To exhibit a counterexample, it is enough to know that it is consistent to have an infinite Dedekind finite set $X$ that is the countable union of finite sets (in fact, sets of size 2). Notice that $\omega$ is a surjective image of $X,$ so ${\mathcal P}(X)$ is Dedekind-infinite. Suppose that ${\mathcal P}(Y)\preceq X.$ Then certainly $Y\preceq X,$ so $Y$ is a countable union of finite sets $Y_n.$ If $Y$ is infinite then $Y_n\ne\emptyset$ for infinitely many values of $n.$ But then $\omega$ is also a surjective image of $Y$, so $\omega$ (and in fact $P(\omega)$) injects into ${\mathcal P}(Y)$ and therefore into $X,$ contradiction.
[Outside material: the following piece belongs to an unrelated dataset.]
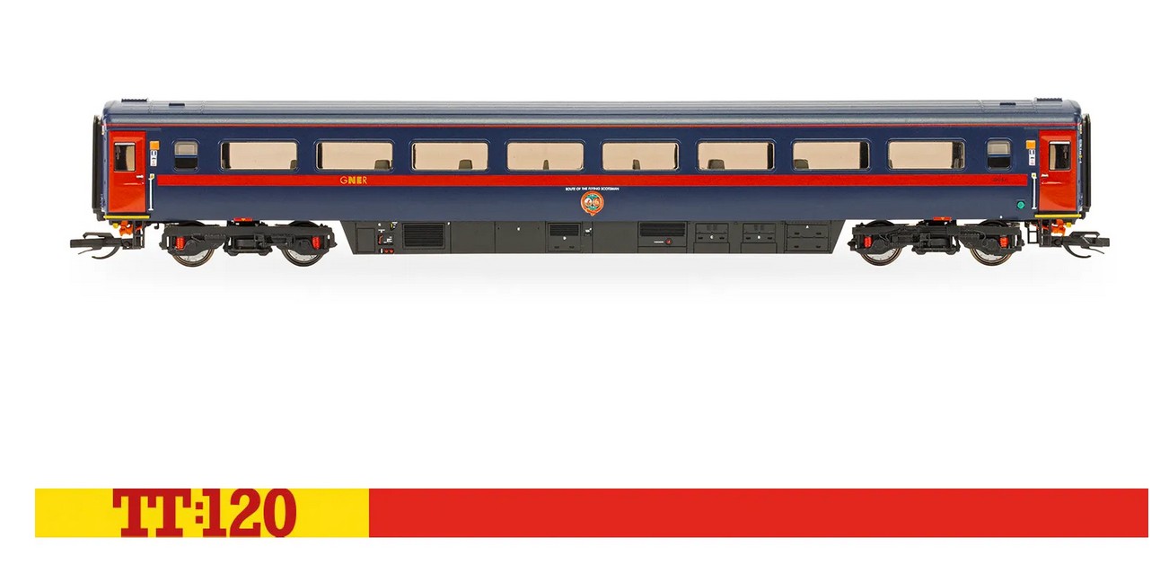 Dieser Wagen mit der Betriebsnummer 42242 war Teil der legendären Hochgeschwindigkeitszüge, die den Fernverkehr auf der East Coast Main Line revolutionierten. Der GNER HST MK3 TS lässt sich nahtlos mit anderen TT:120 Mk3-Wagen und Triebwagen kombinieren und verleiht jeder modernen Eisenbahn Authentizität und Prestige.

At the end of last lecture we showed Theorem 10, a general result that allows us to compute products $\kappa^\lambda$ for infinite cardinals $\kappa,\lambda,$ namely:

Let $\kappa$ and $\lambda$ be infinite cardinals. Let $\tau=\sup_{\rho<\kappa}|\rho|^\lambda.$ Then

$\displaystyle \kappa^\lambda=\left\{\begin{array}{cl} 2^\lambda & \mbox{if }\kappa\le 2^\lambda,\\ \kappa\cdot\tau & \mbox{if }\lambda<{\rm cf}(\kappa),\\ \tau & \begin{array}{l}\mbox{if }{\rm cf}(\kappa)\le\lambda,2^\lambda<\kappa,\mbox{ and }\\ \rho\mapsto|\rho|^\lambda\mbox{ is eventually constant below }\kappa,\end{array}\\ \kappa^{{\rm cf}(\kappa)} & \mbox{otherwise.}\end{array}\right.$